Work required: With pictures removed, print the listing exactly.

Information provided:
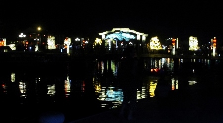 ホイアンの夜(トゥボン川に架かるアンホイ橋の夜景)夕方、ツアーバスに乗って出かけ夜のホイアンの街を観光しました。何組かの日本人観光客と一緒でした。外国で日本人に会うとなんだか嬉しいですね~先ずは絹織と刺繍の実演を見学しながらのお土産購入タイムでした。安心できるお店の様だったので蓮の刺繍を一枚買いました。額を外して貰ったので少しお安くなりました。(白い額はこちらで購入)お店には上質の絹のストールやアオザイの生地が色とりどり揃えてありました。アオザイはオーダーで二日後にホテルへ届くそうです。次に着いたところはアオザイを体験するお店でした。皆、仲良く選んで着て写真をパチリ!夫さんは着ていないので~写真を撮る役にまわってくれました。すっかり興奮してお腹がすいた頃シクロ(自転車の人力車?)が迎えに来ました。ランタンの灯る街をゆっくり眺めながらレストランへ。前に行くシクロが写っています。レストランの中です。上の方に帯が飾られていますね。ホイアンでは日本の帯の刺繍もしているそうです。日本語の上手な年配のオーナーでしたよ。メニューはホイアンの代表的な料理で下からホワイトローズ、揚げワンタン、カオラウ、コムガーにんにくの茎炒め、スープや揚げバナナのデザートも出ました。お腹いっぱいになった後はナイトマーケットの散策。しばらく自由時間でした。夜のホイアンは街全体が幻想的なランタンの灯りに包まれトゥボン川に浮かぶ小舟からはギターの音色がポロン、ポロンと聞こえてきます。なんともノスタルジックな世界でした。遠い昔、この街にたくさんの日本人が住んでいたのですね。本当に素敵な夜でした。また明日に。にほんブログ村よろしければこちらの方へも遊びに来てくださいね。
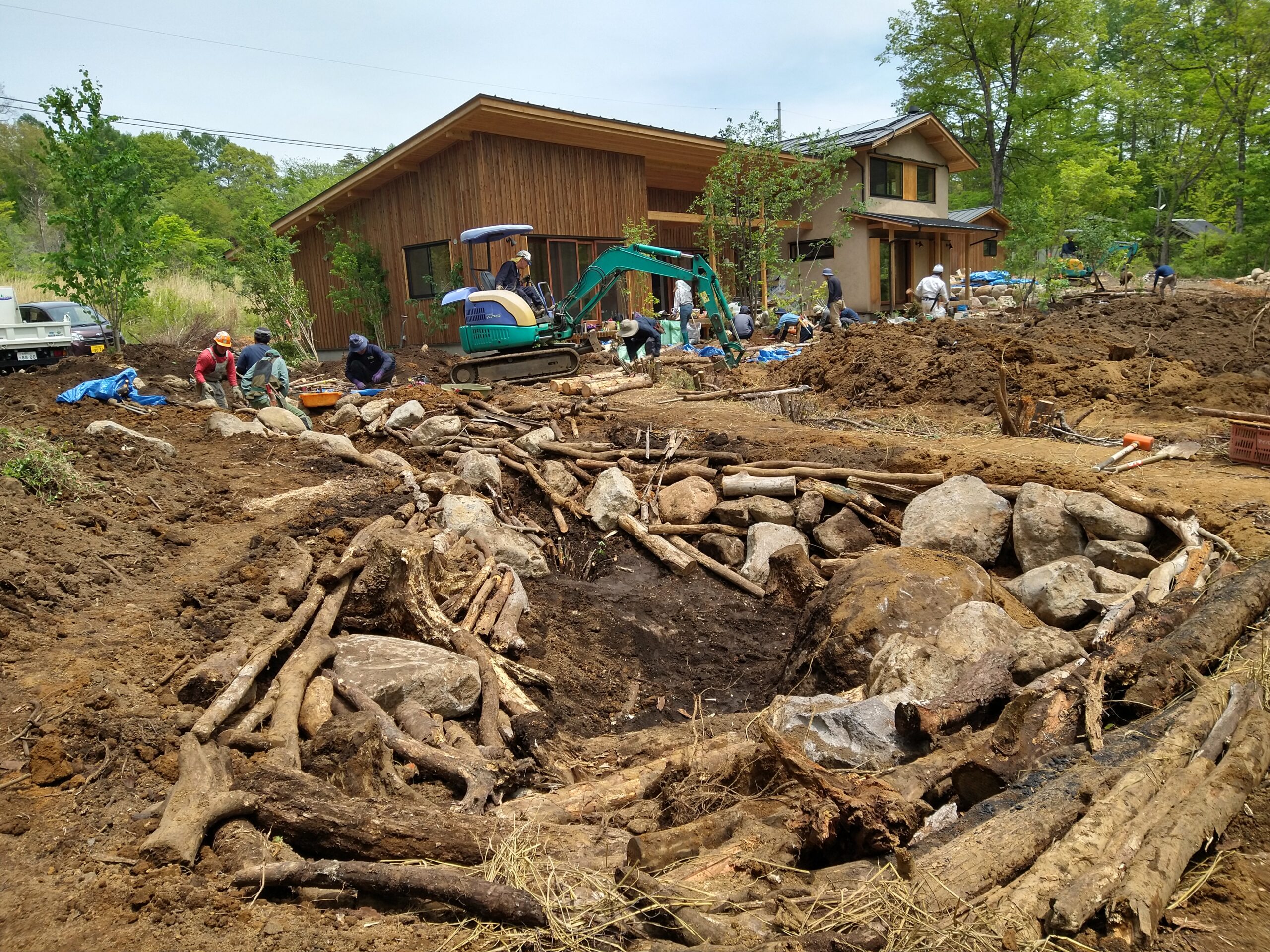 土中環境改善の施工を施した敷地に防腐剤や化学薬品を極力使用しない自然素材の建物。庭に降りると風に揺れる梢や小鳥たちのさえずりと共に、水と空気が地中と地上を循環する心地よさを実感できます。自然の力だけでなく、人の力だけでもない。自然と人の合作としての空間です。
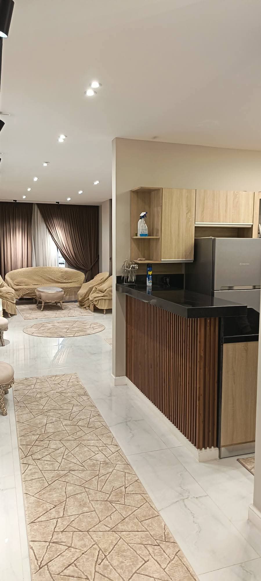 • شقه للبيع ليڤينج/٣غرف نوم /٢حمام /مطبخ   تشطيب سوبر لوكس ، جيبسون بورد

Written answer:
 ホイアンの夜(トゥボン川に架かるアンホイ橋の夜景)夕方、ツアーバスに乗って出かけ夜のホイアンの街を観光しました。何組かの日本人観光客と一緒でした。外国で日本人に会うとなんだか嬉しいですね~先ずは絹織と刺繍の実演を見学しながらのお土産購入タイムでした。安心できるお店の様だったので蓮の刺繍を一枚買いました。額を外して貰ったので少しお安くなりました。(白い額はこちらで購入)お店には上質の絹のストールやアオザイの生地が色とりどり揃えてありました。アオザイはオーダーで二日後にホテルへ届くそうです。次に着いたところはアオザイを体験するお店でした。皆、仲良く選んで着て写真をパチリ!夫さんは着ていないので~写真を撮る役にまわってくれました。すっかり興奮してお腹がすいた頃シクロ(自転車の人力車?)が迎えに来ました。ランタンの灯る街をゆっくり眺めながらレストランへ。前に行くシクロが写っています。レストランの中です。上の方に帯が飾られていますね。ホイアンでは日本の帯の刺繍もしているそうです。日本語の上手な年配のオーナーでしたよ。メニューはホイアンの代表的な料理で下からホワイトローズ、揚げワンタン、カオラウ、コムガーにんにくの茎炒め、スープや揚げバナナのデザートも出ました。お腹いっぱいになった後はナイトマーケットの散策。しばらく自由時間でした。夜のホイアンは街全体が幻想的なランタンの灯りに包まれトゥボン川に浮かぶ小舟からはギターの音色がポロン、ポロンと聞こえてきます。なんともノスタルジックな世界でした。遠い昔、この街にたくさんの日本人が住んでいたのですね。本当に素敵な夜でした。また明日に。にほんブログ村よろしければこちらの方へも遊びに来てくださいね。
 土中環境改善の施工を施した敷地に防腐剤や化学薬品を極力使用しない自然素材の建物。庭に降りると風に揺れる梢や小鳥たちのさえずりと共に、水と空気が地中と地上を循環する心地よさを実感できます。自然の力だけでなく、人の力だけでもない。自然と人の合作としての空間です。
 • شقه للبيع ليڤينج/٣غرف نوم /٢حمام /مطبخ   تشطيب سوبر لوكس ، جيبسون بورد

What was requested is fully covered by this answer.